> WHAT THE TASK REQUIRES:
Please write out the lines of the data exactly, beginning with the first and ending with the line containing "This quiz focuses"; leave the pictures behind.
** EXTRACTED RECORDS follows **
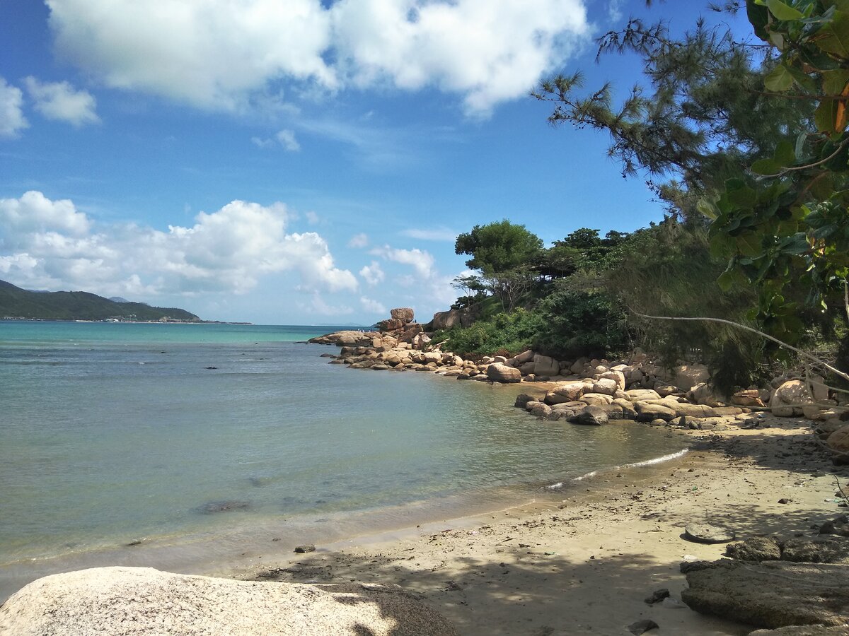 Утром на пляже я решила, что надо посмотреть какую-нибудь достопримечательность. Мой выбор пал на сад камней. В русском информационном центре есть очень хорошая карта Нячанга. С номерами маршрутов автобусов и указанием в основном посещаемых туристами мест. Остановка 4 маршрута недалеко от нашего отеля. В автобусе, оснащённом кондиционерами, работает кондуктор. Стоимость проезда 8000 донгов (24 рубля). Ехали несколько человек. И, похоже, никто из перевозчиков не жалуется на жизнь. Я показала на карте место, где надо выйти. Нас предупредили перед остановкой и показали в какую сторону идти. Входной билет в сад камней стоит 22000 донгов (66 рублей). Мне нравятся вьетнамцы. Даже в платном месте, где сама природа позволяет зарабатывать деньги - уборкой территории не заморачиваются. Да и ладно. Не надо смотреть под ноги. Зато в тени есть скамейки передохнуть и несколько туалетов, что очень кстати. А вид здесь и вправду замечательный. Только палящее солнце нас гнало в тень. А ветерок пр
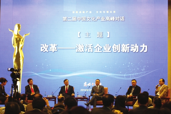 1月18日,北京,“2013中國文化產業年度人物”頒獎典禮結束后,第二屆中國文化產業高峰對話在首都酒店舉行舉行。龔曙光董事長與其他年度人物就“改革——激活企業創新動力”等主題進行對話。
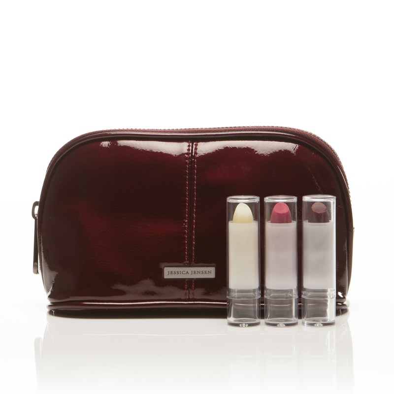 KISS ME: $58: JESSICA JENSEN Candy Apple Red Patent Cosmetic Bag DALISH COSMETICS Shea Butter Lipstick; Hot Mamma Lipstick; Ruby Red Lipstick
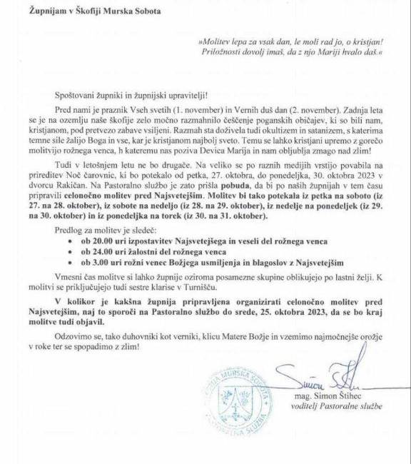 Molitev bi tako potekala iz petka na soboto (iz 27. na 28. oktober), iz sobote na nedeljo (iz 28. na 29. oktober), iz nedelje na ponedeljek (iz 29. na 30. oktober) in iz ponedeljka na torek (iz 30. na 31. oktober),« je še razvidno iz dopisa.
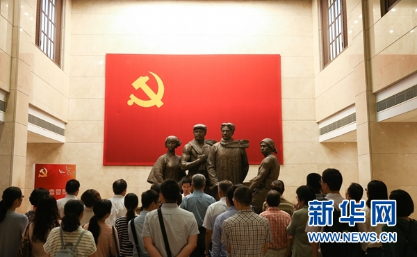 如今,参观者沿楼梯拾级而上,一面火红的党章陈列墙令人眼前一亮。墙上展出了不同时期、不同版本的各种党章。人们在这里驻足良久,仔细观看。
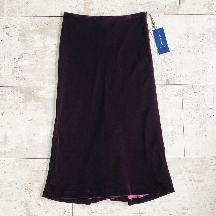 - 未使用 ラルフローレン ブラックレーベル ベロア シルク スカート 9 ボルドー系 ロング RALPH LAUREN BlackLabel
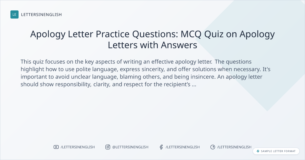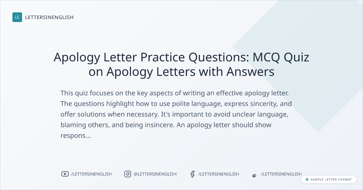 This quiz focuses on the key aspects of writing an effective apology letter. The questions highlight how to use polite language, express sincerity, and offer solutions when necessary. It’s important to avoid unclear language, blaming others, and being insincere. An apology letter should show responsibility, clarity, and respect for the recipient’s feelings. Clear communication is essential to ensure your message is understood and helps resolve any misunderstandings.
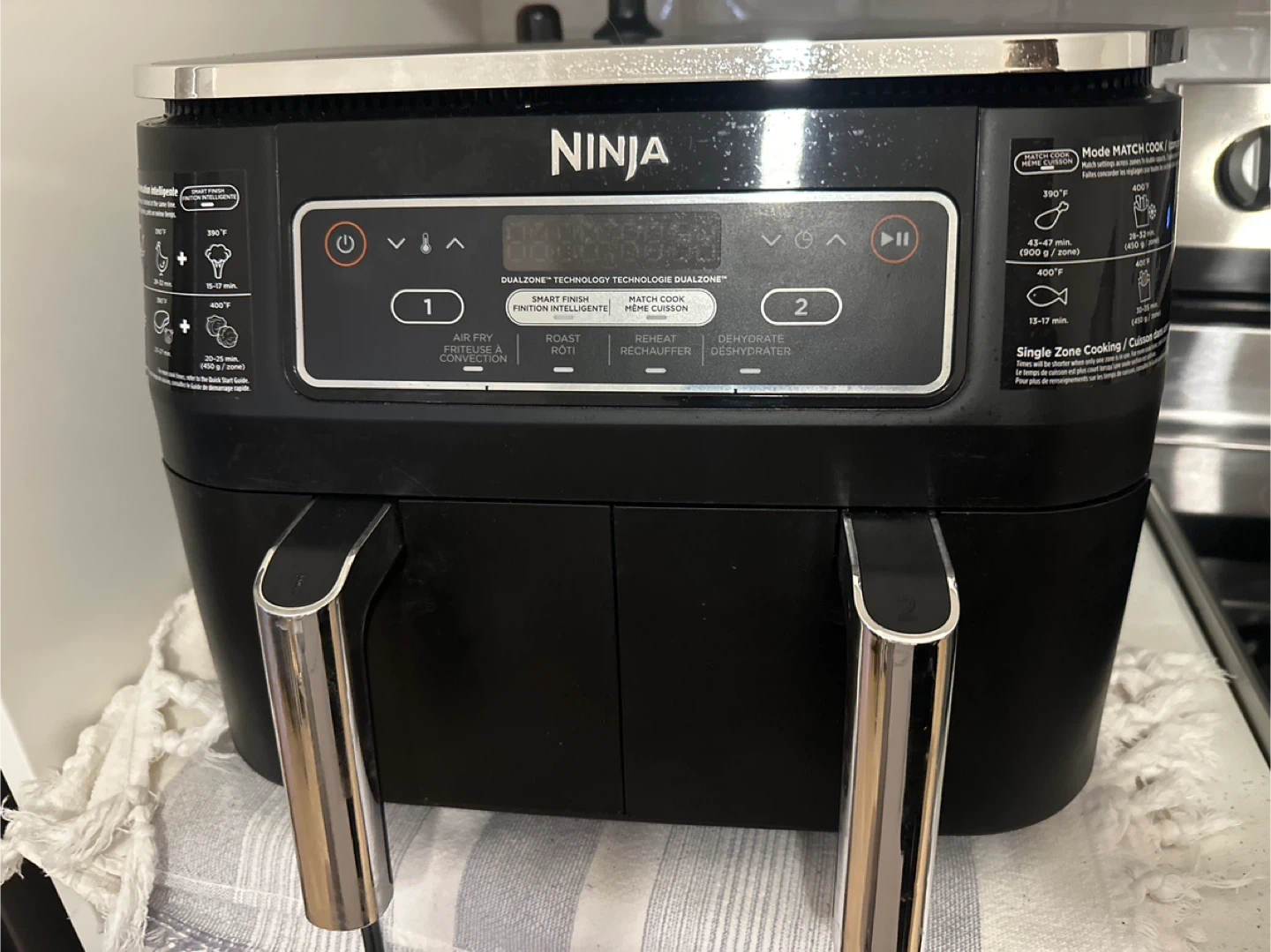 This Ninja DualZone air fryer features two independent cooking baskets. It offers multiple cooking functions including Air Fry, Roast, Reheat, and Dehydrate. The 'Match Cook' feature allows you to cook identical meals in both zones simultaneously.
** End of EXTRACTED RECORDS **
> WRITTEN SOLUTION:
 Утром на пляже я решила, что надо посмотреть какую-нибудь достопримечательность. Мой выбор пал на сад камней. В русском информационном центре есть очень хорошая карта Нячанга. С номерами маршрутов автобусов и указанием в основном посещаемых туристами мест. Остановка 4 маршрута недалеко от нашего отеля. В автобусе, оснащённом кондиционерами, работает кондуктор. Стоимость проезда 8000 донгов (24 рубля). Ехали несколько человек. И, похоже, никто из перевозчиков не жалуется на жизнь. Я показала на карте место, где надо выйти. Нас предупредили перед остановкой и показали в какую сторону идти. Входной билет в сад камней стоит 22000 донгов (66 рублей). Мне нравятся вьетнамцы. Даже в платном месте, где сама природа позволяет зарабатывать деньги - уборкой территории не заморачиваются. Да и ладно. Не надо смотреть под ноги. Зато в тени есть скамейки передохнуть и несколько туалетов, что очень кстати. А вид здесь и вправду замечательный. Только палящее солнце нас гнало в тень. А ветерок пр
 1月18日,北京,“2013中國文化產業年度人物”頒獎典禮結束后,第二屆中國文化產業高峰對話在首都酒店舉行舉行。龔曙光董事長與其他年度人物就“改革——激活企業創新動力”等主題進行對話。
 KISS ME: $58: JESSICA JENSEN Candy Apple Red Patent Cosmetic Bag DALISH COSMETICS Shea Butter Lipstick; Hot Mamma Lipstick; Ruby Red Lipstick
 Molitev bi tako potekala iz petka na soboto (iz 27. na 28. oktober), iz sobote na nedeljo (iz 28. na 29. oktober), iz nedelje na ponedeljek (iz 29. na 30. oktober) in iz ponedeljka na torek (iz 30. na 31. oktober),« je še razvidno iz dopisa.
 如今,参观者沿楼梯拾级而上,一面火红的党章陈列墙令人眼前一亮。墙上展出了不同时期、不同版本的各种党章。人们在这里驻足良久,仔细观看。
 - 未使用 ラルフローレン ブラックレーベル ベロア シルク スカート 9 ボルドー系 ロング RALPH LAUREN BlackLabel
 This quiz focuses on the key aspects of writing an effective apology letter. The questions highlight how to use polite language, express sincerity, and offer solutions when necessary. It’s important to avoid unclear language, blaming others, and being insincere. An apology letter should show responsibility, clarity, and respect for the recipient’s feelings. Clear communication is essential to ensure your message is understood and helps resolve any misunderstandings.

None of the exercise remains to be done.